Setting the Scene. Basic Concepts

Let us set the scene. There is Alice and Bob. We do not know what they think (unless they decide to tell us, but then – should we trust them?), but we can observe how they behave.

We know that Alice would like the future to be good to her. This may include the successful completion of what she is doing right now, her long-term plans or possibly the lack of damaging events in the near future. If we place Alice at the pedestrian crossing, she may simply want to cross the street safely - maybe not a particularly great achievement, but sometimes one that may be hard to achieve.

When Alice leaves the pavement and starts crossing the street, she become vulnerable. Every driver can easily hurt her, potentially in a way that will permanently and negatively impair her life - with little physical consequences to the driver or to his car. She is aware of this, and - seeing that the car driven by Bob is approaching - she must decide whether she is confident enough that the driver will slow down and let her walk across.

This is the image we start with: Bob behind the wheel, Alice at the pavement, considering whether she should cross the street or not. For that moment, the relationship between Alice and Bob emerges. In a second it will be gone, but currently Bob becomes an inseparable part of Alice's future. His actions (or inactions) may significantly impact on her life.

This book is about moments like this, moments that we experience throughout all our life: vulnerable to decisions of others yet dependent on them. Banks considering mortgage application, managers deciding about promotion, government regulating taxes, doctor suggesting a treatment... the list is very long. Should we be confident that their decisions will benefit our future?
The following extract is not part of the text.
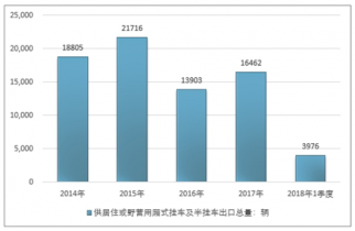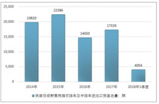 2016年我國供居住或野營用廂式掛車及半掛車進出口貿(mào)易總量14650輛 ,2017年進出口貿(mào)易總量17326輛 ;2019年1季度進出口貿(mào)易總量4054輛 。

This book concentrates on what can be called Alice's transactional assessment of confidence: the process that may eventually lead her to rely on Bob, in anticipation that Bob will support her goals. Such assessment is clearly transactional: Alice may be confident about Bob at certain moments in time (e.g. not on Friday night) and may do it only regarding certain subjects (e.g. not when it comes to classical philosophy). Her assessment of confidence within the scope of one transaction does not determine her assessment within other transactions. Her assessment is not necessary binary, as she may engage into the transaction at different levels.

Another interesting aspect of this relationship is Alice's willingness and ability to improve Bob, her long-term relational decision about confidence. We will see later that Bob may behave in a desired manner because this is in his nature or because he has been forced to behave. Further, his behaviour may be altered by the fact that Alice is confident about him. From the long-term perspective, Alice may be sometimes better off if she spends some effort on strengthening Bob's good nature, rather than using enforcement tools on him. In the future, it will save her hassle (and the cost) of dealing with the battery of instruments designed to coerce Bob.

As Alice and Bob are increasingly interacting through and with a help of digital media, another concept becomes important. Trust management can be understood as technical replication, processing and enforcement of confidence that already exists in the social world. For example, if Alice is confident about Bob, she may be willing to give him a token that can be verified later by an infrastructure managed by Alice. Here the token becomes a technical representation of a confidence that existed at certain moment between Alice and Bob. The notion of trust management will be particularly important if we assume that neither Alice not Bob must necessarily be humans.